> _Problem to work on_
From the listing below, output only the lines starting at the line that has "根据四川九洲光电科技股份有限" and ending at the line that has "Cute quotes Life", exactly as they appear, ends included.

> _Data shown_

____________

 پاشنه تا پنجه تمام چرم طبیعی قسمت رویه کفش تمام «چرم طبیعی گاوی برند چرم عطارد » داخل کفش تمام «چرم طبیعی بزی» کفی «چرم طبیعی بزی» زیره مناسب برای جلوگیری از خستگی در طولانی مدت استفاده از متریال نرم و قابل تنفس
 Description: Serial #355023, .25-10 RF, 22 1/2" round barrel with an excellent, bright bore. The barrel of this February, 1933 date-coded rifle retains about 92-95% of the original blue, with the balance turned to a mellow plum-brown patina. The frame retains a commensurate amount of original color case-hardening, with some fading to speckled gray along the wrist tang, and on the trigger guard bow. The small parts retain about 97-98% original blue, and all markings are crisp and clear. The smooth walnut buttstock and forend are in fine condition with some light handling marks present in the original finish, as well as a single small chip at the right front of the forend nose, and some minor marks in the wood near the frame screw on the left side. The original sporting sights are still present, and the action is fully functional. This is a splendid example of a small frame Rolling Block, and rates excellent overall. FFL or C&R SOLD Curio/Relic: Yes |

____________

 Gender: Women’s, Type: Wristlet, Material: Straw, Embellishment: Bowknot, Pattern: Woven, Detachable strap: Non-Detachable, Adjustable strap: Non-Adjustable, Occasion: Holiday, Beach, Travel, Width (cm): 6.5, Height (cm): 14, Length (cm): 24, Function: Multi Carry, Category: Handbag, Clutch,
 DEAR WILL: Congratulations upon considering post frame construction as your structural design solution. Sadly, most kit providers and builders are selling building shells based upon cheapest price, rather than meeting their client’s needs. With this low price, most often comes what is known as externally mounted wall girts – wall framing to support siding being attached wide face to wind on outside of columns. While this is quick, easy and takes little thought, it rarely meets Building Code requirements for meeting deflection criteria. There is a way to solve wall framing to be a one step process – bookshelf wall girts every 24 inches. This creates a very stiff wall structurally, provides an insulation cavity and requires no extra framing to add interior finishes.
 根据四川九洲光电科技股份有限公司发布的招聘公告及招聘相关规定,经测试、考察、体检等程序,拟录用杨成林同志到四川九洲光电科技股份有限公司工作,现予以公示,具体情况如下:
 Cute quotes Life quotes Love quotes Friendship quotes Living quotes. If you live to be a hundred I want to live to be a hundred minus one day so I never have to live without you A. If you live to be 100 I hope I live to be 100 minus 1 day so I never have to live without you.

____________

> _Solution for this task_
 根据四川九洲光电科技股份有限公司发布的招聘公告及招聘相关规定,经测试、考察、体检等程序,拟录用杨成林同志到四川九洲光电科技股份有限公司工作,现予以公示,具体情况如下:
 Cute quotes Life quotes Love quotes Friendship quotes Living quotes. If you live to be a hundred I want to live to be a hundred minus one day so I never have to live without you A. If you live to be 100 I hope I live to be 100 minus 1 day so I never have to live without you.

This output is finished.